His swollen knees felt like they were crumbling underneath him with every step and he limped to try and ease the pressure. But his limp rocked him from side to side, and every now and then it looked like he’d rocked himself a bit too hard, and he was going to topple over and fall into the boggy ditch that ran along beside the road. But somehow he stayed on his feet. He passed a massage shop on the way back to his room. A smiley plump lady sat outside, dressed in a polo shirt and tight slacks called to him seductively, “Hello, welcome to massage!”

He slowly and with a painful grimace angled his neck round to look at her. She wouldn’t care about the illness, he thought. She’s only thinking about the money; she’d sort me out. But something made him pass on a massage.

“Not today, thank you. Maybe tomorrow,” he croaked, forcing a painful smile from his thin cracked lips before shuffling on. All he wanted to do was sleep.

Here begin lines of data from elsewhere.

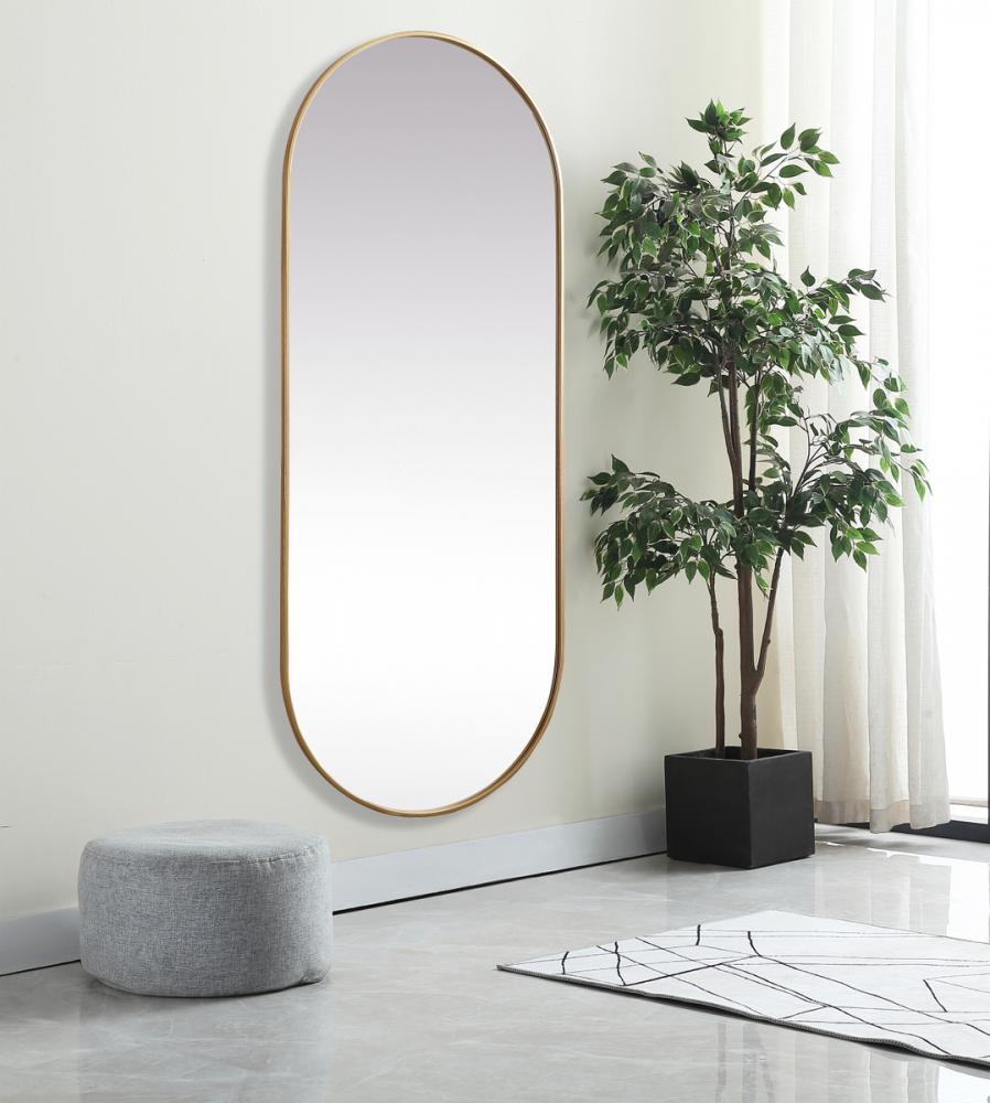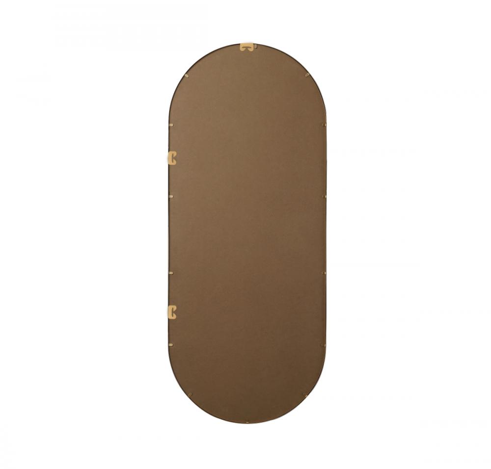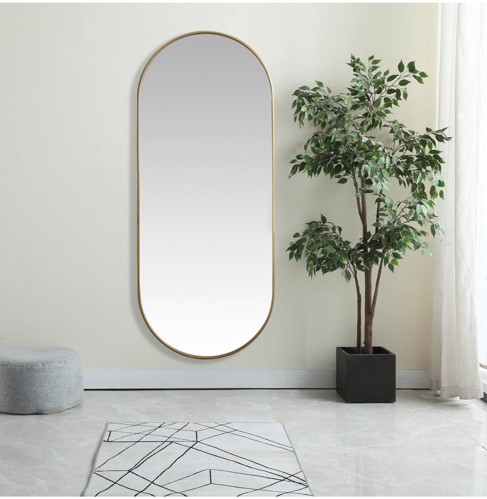 Instantly open up any space in your home with this minimalist wall-mounted mirror. Crafted of metal, this mirror strikes a pill-shaped silhouette. Its slender, clean-lined frame sports a classic finish, while the glass mirror within features a flat, for a brilliant reflection, letting the light bounce off to expand your space. Designed in a pill shape, this metal-frame mirror showcases in the three available satin finishes in black, brass, or silver. Mount this work of art in any room of your choice for added visual impact.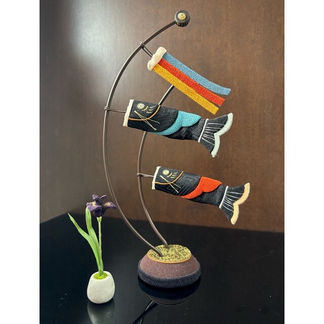 鯉のぼりを一匹にして花菖蒲を土台に乗せる形。
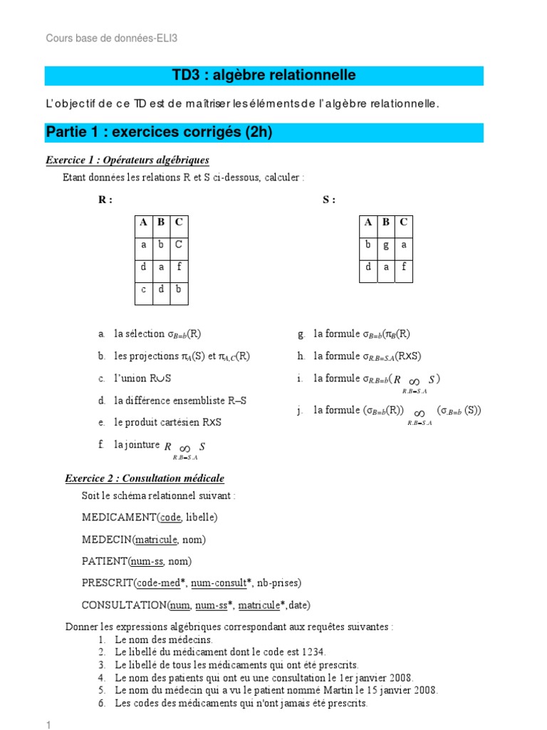 Lobjectif de ce TD est de matriser les lments de lalgbre relationnelle.
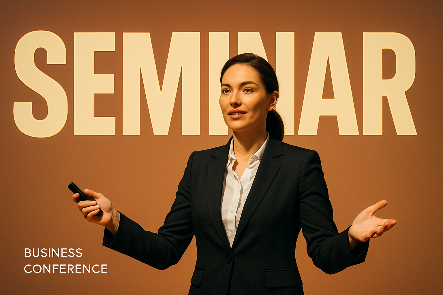 /Collection: /by davooda/Type: PNG/A confident businesswoman delivers a corporate presentation at a seminar, showcasing her expertise. The image features a dramatic background with bold typography and a balanced layout.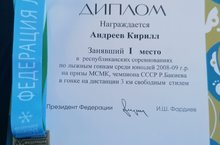 Поздравляем ученика 6А класса Андреева Кирилла, занявшего 1 место в республиканских соревнованиях по лыжным гонкам, в гонке на дистанции 3 км. свободным стилем.
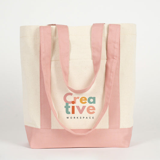 Trend Kanvas Çanta 40x35x12cm - Pembe Renkli Kulp (Özelleştirilebilir)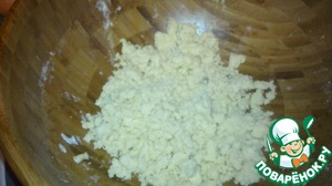 Муку, порезаное кусочками масло и сахарную пудру перетереть руками в крошку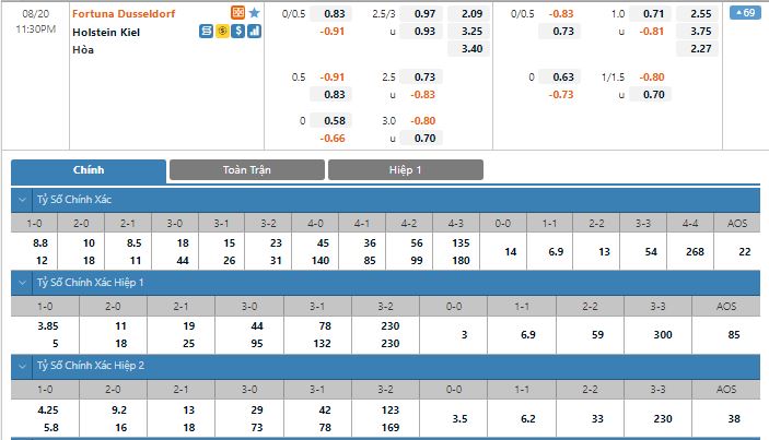 Bảng tỷ lệ kèo trực tuyến trận đấu Fortuna Dusseldorf vs Holstein Kiel:

Back at his little bamboo bungalow he took a cold beer from the fridge and then sat on his porch, watching the shells and wind chimes hanging from the ceiling above him gently dance in the humid air; and the small colourful birds with long, thin beaks sip nectar from flowers and skip along the tree branches. He never normally noticed them or their shrill chirp, but today they seemed to be all around him. He felt at peace. He finished his beer and belched loudly but the birds didn’t seem to mind. They just flinched for a second and then sung back at him. He shuffled inside and lay down on his bed. He lay under the fan. The fan felt cool and soothing on his hot blistered skin. He hiccupped and tasted his hoppy beer again. Then he fell asleep and died.